The story fails to note that parainfluenza virus infections do not cause serious disease in the majority of people. In doing so, it provides an overly disconcerting picture of the virus and its potential to cause serious illness. The failure to provide background information in combination with the initial quote of the lead author, “Therapies for parainfluenza are urgently needed," qualifies as disease-mongering.

Does the story use independent sources and identify conflicts of interest?

Not Satisfactory

The story fails in just about every aspect of this criterion. No experts in the field other than those involved in the research study are quoted. Interestingly, 6 of the 9 authors of the study are employees of NexBio, the company that produces the drug. One of the authors is listed as the inventor of the drug in an approved patent for its use in the treatment of influenza and parainfluenza. While these facts do not necessarily impugn the study result, failure to note them in the story is a major omission.

Does the story compare the new approach with existing alternatives?


The story points out that there are no existing alternatives for preventing parainfluenza virus infections. In addition, the story briefly mentions other vaccines that have developed resistance to the flu virus.

Does the story establish the availability of the treatment/test/product/procedure?


The story makes it clear that this drug is not yet available.

Does the story establish the true novelty of the approach?

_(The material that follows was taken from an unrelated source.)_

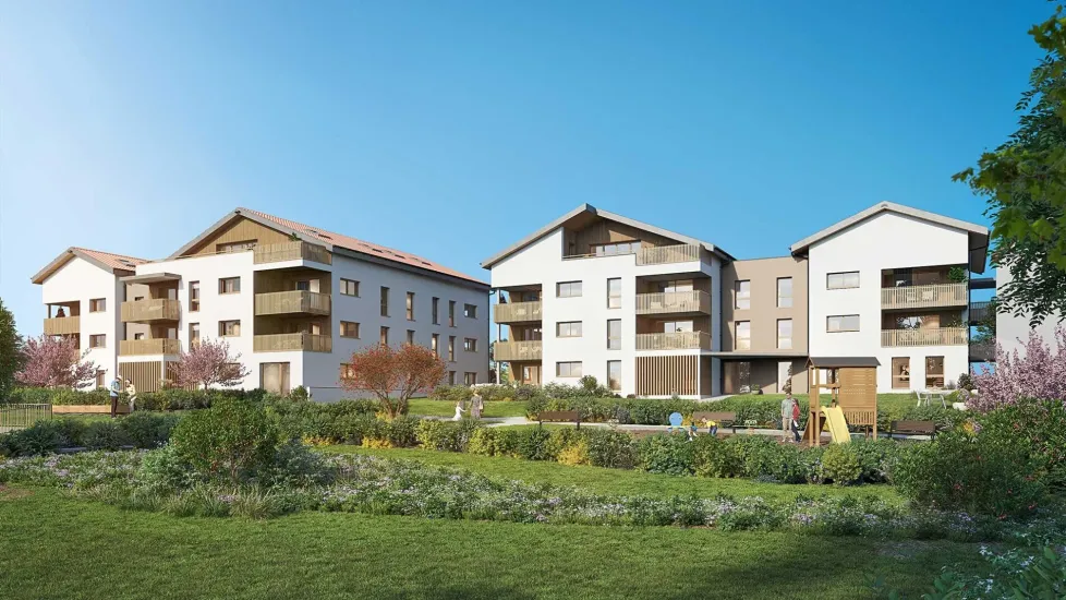 Dans un cadre convivial, résidentiel et familial, cette réalisation présente une architecture inspirée des bâtiments locaux, incluant un enduit clair et une forte utilisation du bois, doublant éco responsabilité et esthétique. C’est dans ce cadre que le projet offre une panoplie d’appartements neufs du 2 au 5 pièces, dont de beaux duplex.

The story mentioned that there is no existing vaccine or treatment for parainfluenza viruses. Furthermore, the story rightfully notes that the study drug works on the human cell and not directly on the virus and as such is a unique mechanism of action.

Does the story appear to rely solely or largely on a news release?

Not Applicable

Not applicable because we can’t be sure of the extent to which the story may have been influenced by a news release.  We do know that the researcher’s quote came from a statement, not from an interview. And the only other attributed comment came from a drug company spokesman.